Fulyzaq for Diarrhea in HIV/AIDS Patients |
Diarrhea is experienced by many HIV/AIDS patients and is a common reason why patients discontinue or switch their antiretroviral therapies. Fulyzaq is intended to be used in HIV/AIDS patients whose diarrhea is not caused by an infection from a virus, bacteria, or parasite. Patients take Fulyzaq two times a day to manage watery diarrhea due to the secretion of electrolytes and water in the gastrointestinal tract.
Derived from the red sap of the Croton lechleri plant, Fulyzaq is the second botanical prescription drug approved by FDA. A botanical drug product is often a complex mixture derived from one or more plant materials with varying degrees of purification.
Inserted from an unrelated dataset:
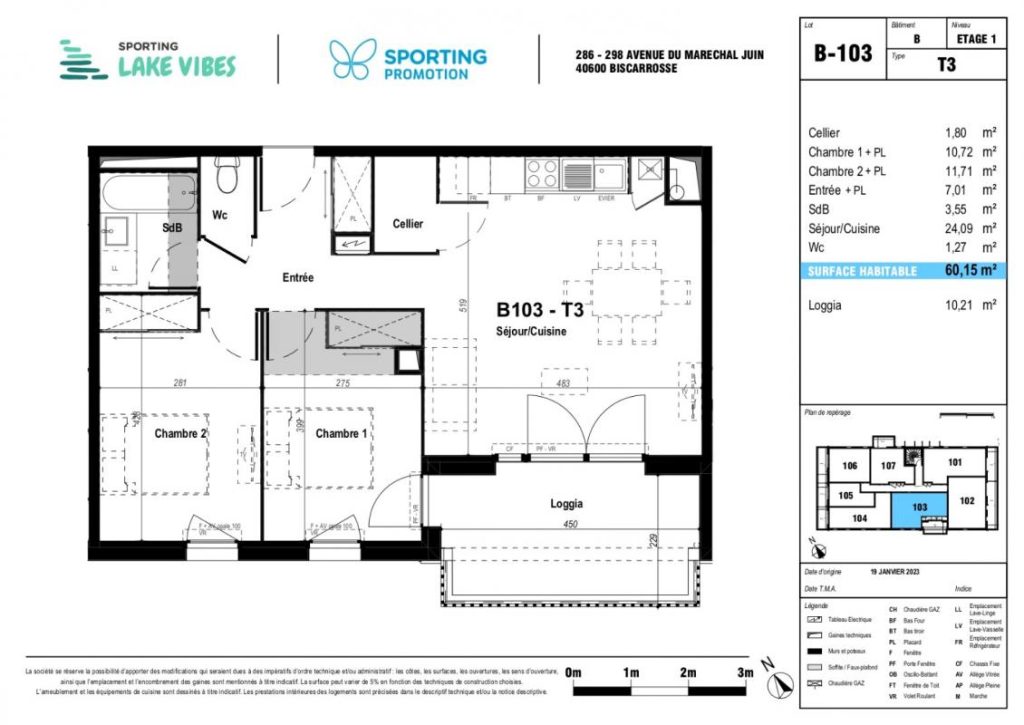 À louer à Biscarrosse, dans une résidence neuve et sécurisée, ce bel appartement T3 de 60,15 m², situé au 1er étage, vous séduira par son agencement fonctionnel et son environnement privilégié.
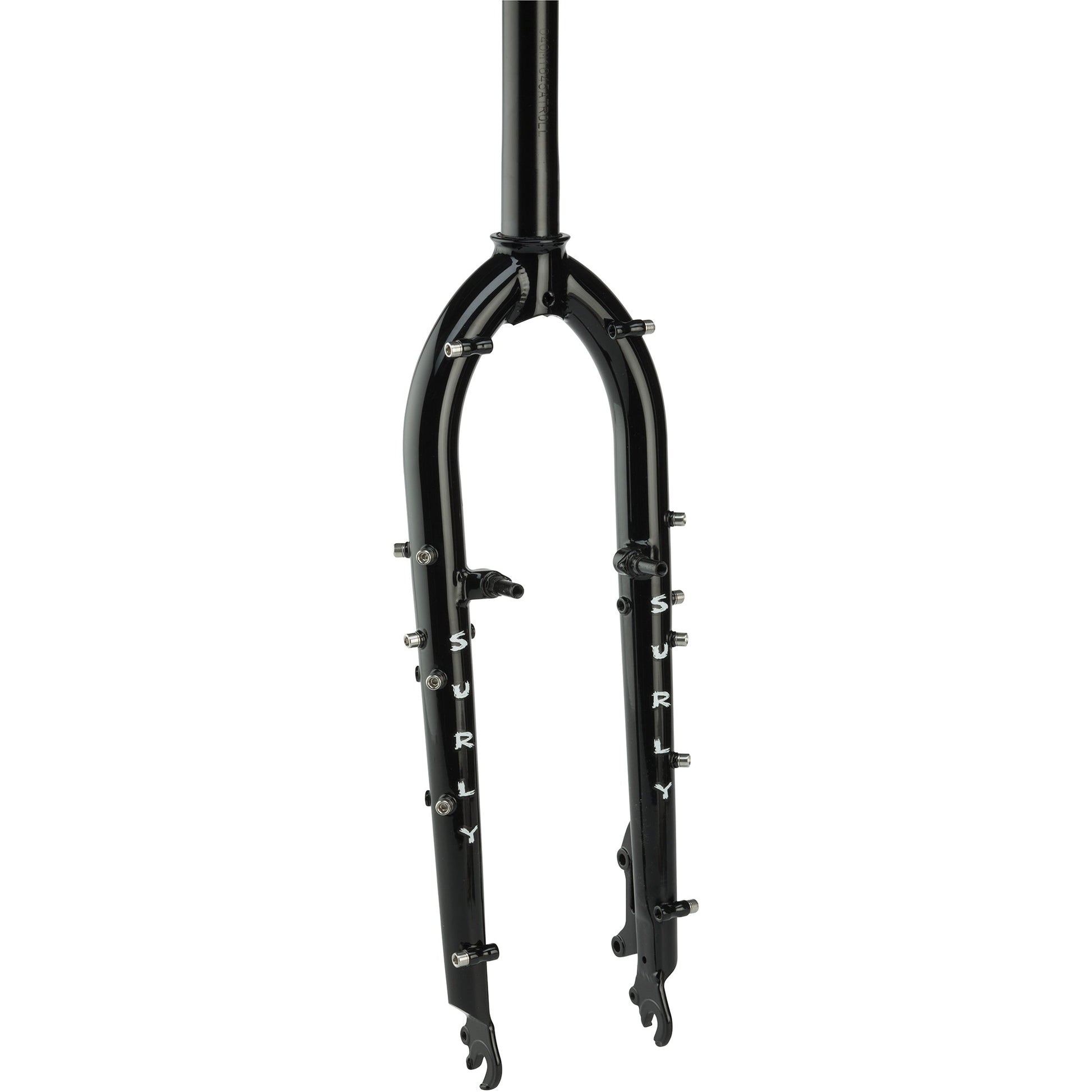 The Troll Fork is just like the one that comes with our Troll frame: a 26˝ wheeled, fully-geared utility bruiser and cruiser. Like all our forks, it’s constructed of Chromoly steel. It sports removable rim brake pivots as well as a 51mm disc caliper mount. It features accoutrements for racks, fenders and various Three-Pack Mount accessories.

In 2006, the FDA approved the first botanical prescription drug, Veregen (sinecatechins), a treatment for external genital and perianal warts.
“Currently, there are no FDA-approved therapies for HIV-associated diarrhea,” said Julie Beitz, M.D., director of the Office of Drug Evaluation III in FDA’s Center for Drug Evaluation and Research. “Fulyzaq may be helpful to HIV/AIDS patients with this troublesome condition.”
Just as for other types of drugs, the safety and efficacy of a botanical drug product are established through clinical trials. In addition, manufacturers of a botanical drug product must ensure rigorous control of raw materials, and good agricultural and collection practices, together with analytical testing of the complex mixture.
The safety and efficacy of Fulyzaq were established in a clinical trial of 374 HIV-positive patients on stable antiretroviral therapywith a history of diarrhea lasting one month or longer. The median number of daily watery bowel movements was 2.5 per day. Patients who had diarrhea caused by an infection or a gastrointestinal disease were excluded from participating in the trials. Patients were randomly assigned to take Fulyzaq or a placebo twice daily.
The trial was designed to measure clinical response, defined as the number of patients who had two or fewer watery bowel movements weekly. Results showed that 17.6 percent of patients taking Fulyzaq experienced clinical response compared with 8 percent taking placebo. In some patients, a persistent anti-diarrheal effect was seen for 20 weeks.
Before treating patients with Fulyzaq, health care professionals should conduct proper testing to confirm the diarrhea is not caused by an infection or a gastrointestinal disease. Common side effects reported in patients taking Fulyzaq in the clinical trial were upper respiratory tract infection, bronchitis, cough, flatulence, and increased levels of the liver enzyme bilirubin.